Urge Congress to Stop Threatening U.S. Fish Populations
The Magnuson-Stevens Act — our primary law governing management of ocean fish — is under attack. We're in danger of losing hard-earned gains and sacrificing the long-term sustainability of ocean fish populations. H.R. 1335, a bill advancing in Congress would create exemptions from using science-based catch limits for many species, establish loopholes that would undermine the rebuilding of depleted populations, and weaken important laws such as the Endangered Species Act and the National Environmental Policy Act.
The U.S. is making strides in preventing overfishing, restoring fish stocks, and ensuring that science drives fishery management decisions. Since 2000, the number of fish populations subject to overfishing has declined by nearly two-thirds. And 37 once-depleted populations, including South Atlantic black sea bass and Pacific lingcod, have been rebuilt to healthy levels. This progress wouldn't have been possible without the conservation provisions in the Magnuson-Stevens Act that H.R. 1335 would weaken.
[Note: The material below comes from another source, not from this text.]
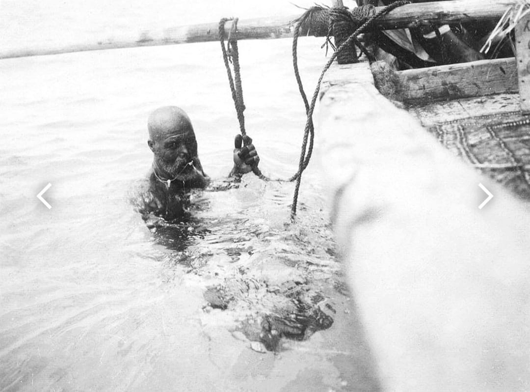وعن تقاليد نزول الغواصين لأعماق البحر يخبرنا الشاب عبدالله التركي الذي تخلى عن وظيفة التباب وأصبح غواصا بعد أن وثق به عمه واطمأن أبيه عليه بعد محاولات متدرجة وجسارة متوالية، يوصف لنا مشهدية العمل بلهجة أهل البحر التي اكتسبها سنينا بقلب حرف الجيم لحرف الياء ”وصلنا للهير صاح النوخذة حجي تركي، نشروا المياديف، نزلوا لحياره، يالله اللي عليه لمگاحمه، نزلوا، أول تبه، طلعوا، يصيحوا، اوييييل الله، - تأتيه الأصوات بأعلى حناجرها - لا إله إلا الله، هذا وقت الصباح، وكل غيص قبل لا ينزل قاعد على التريچ وريوله في الماء، يقولوا بها الدعاء: نزلنا من دبر رب السماء، عليك يا حامي الحمى، - نهمة جماعية - من انهلز، نقول: آوييييل.. لا إله إلا الله، رزق اليوم أخذناه ورزق باچر على الله، وكل يوم وياك زيادة، والغوص عادة، والصلاة عبادة، أول ما نبدي العشاء وتالي الصلاة، صلينا على محمد وآل محمد، وكل واحد باسط على المنامات“.

Our oceans face threats, including habitat destruction and changing conditions. We need policies that take a big-picture approach and address these threats on fish populations to benefit fishermen, coastal communities, and oceans — not a bill that rolls back years of progress.
The House of Representatives plans to vote on this bill as early as June 1. Urge your Congressperson to oppose H.R. 1335 and support a stronger future for our oceans and those who depend on them.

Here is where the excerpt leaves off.